Still, I had to collect the bike. My tow vehicle was in the shop for repair and I was left with beg, borrow, or rent. None of the begging or borrowing options were open (It’s easy to forget: “no one else is in your emergency”) and so I went for a Home Depot Load n’ Go and a U-haul trailer. Katy M had no power and I don’t have much myself so pushing it up a ramp seemed like something I didn’t want to do, hence the trailer.
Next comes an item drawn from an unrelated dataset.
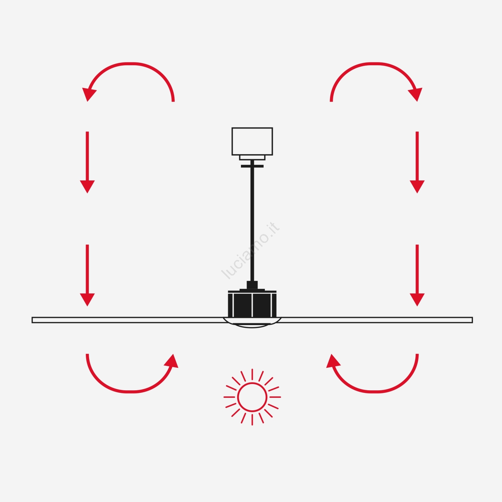 • Questo ventilatore dispone della funzione inversione estate/inverno, quindi può essere utilizzato anche in inverno (risparmio sui costi di riscaldamento fino al 20%).

Well, try coordinating a U-haul trailer and a HD truck rental at the same time. One location has a truck you cannot reserve - first come, first serve. One will let you tow, others will not. One says, “come pick it up” only to learn it’s been reserved by someone else once you get there. Nightmare. I spent nearly as long driving to local Home Depots as I did finally driving out to get the bike. Nightmare. In the end, I rented the only HD flatbed truck available, which could not tow, canceled the U-haul, and went hoping I could use some downhill slope to load the bike.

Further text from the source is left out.